(Beginning of DATA EXTRACT)
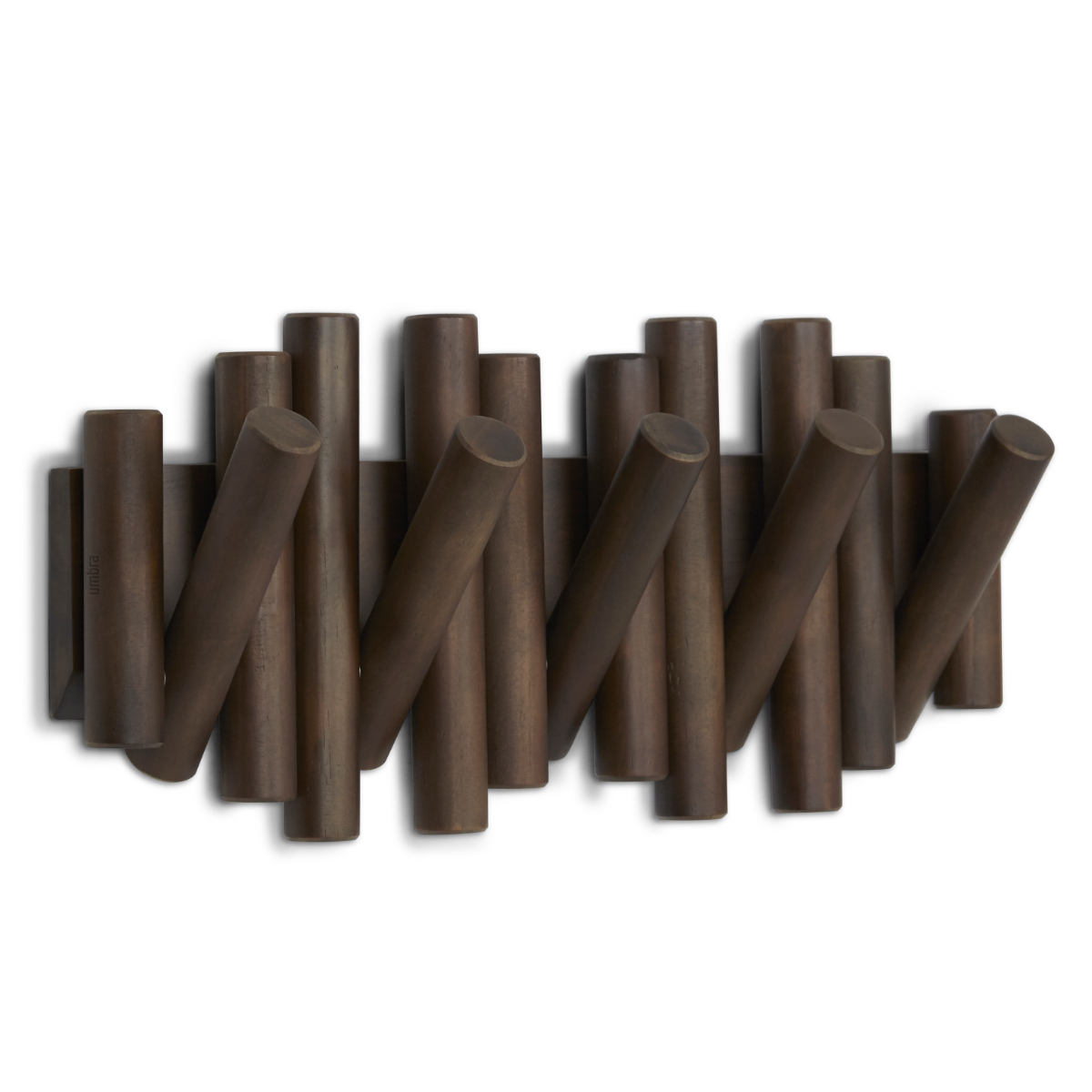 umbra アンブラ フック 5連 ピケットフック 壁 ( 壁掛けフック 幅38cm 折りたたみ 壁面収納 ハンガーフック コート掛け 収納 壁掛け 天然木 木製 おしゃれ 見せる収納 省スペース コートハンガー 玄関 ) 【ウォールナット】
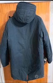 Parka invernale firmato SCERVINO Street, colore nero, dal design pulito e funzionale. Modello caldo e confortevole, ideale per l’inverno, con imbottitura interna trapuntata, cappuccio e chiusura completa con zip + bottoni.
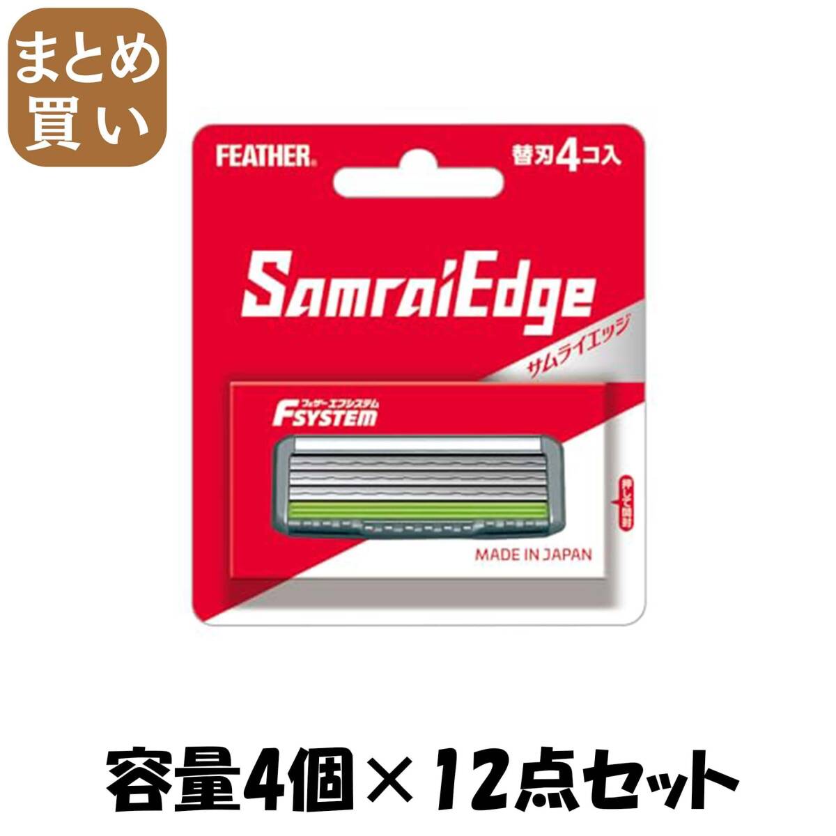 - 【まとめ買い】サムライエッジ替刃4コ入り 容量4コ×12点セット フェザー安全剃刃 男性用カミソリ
(End of DATA EXTRACT)
■ TRY IT: Leave the pictures out and print the whole listing precisely.

■ RESULT FOR THIS EXERCISE:
 umbra アンブラ フック 5連 ピケットフック 壁 ( 壁掛けフック 幅38cm 折りたたみ 壁面収納 ハンガーフック コート掛け 収納 壁掛け 天然木 木製 おしゃれ 見せる収納 省スペース コートハンガー 玄関 ) 【ウォールナット】
 Parka invernale firmato SCERVINO Street, colore nero, dal design pulito e funzionale. Modello caldo e confortevole, ideale per l’inverno, con imbottitura interna trapuntata, cappuccio e chiusura completa con zip + bottoni.
 - 【まとめ買い】サムライエッジ替刃4コ入り 容量4コ×12点セット フェザー安全剃刃 男性用カミソリ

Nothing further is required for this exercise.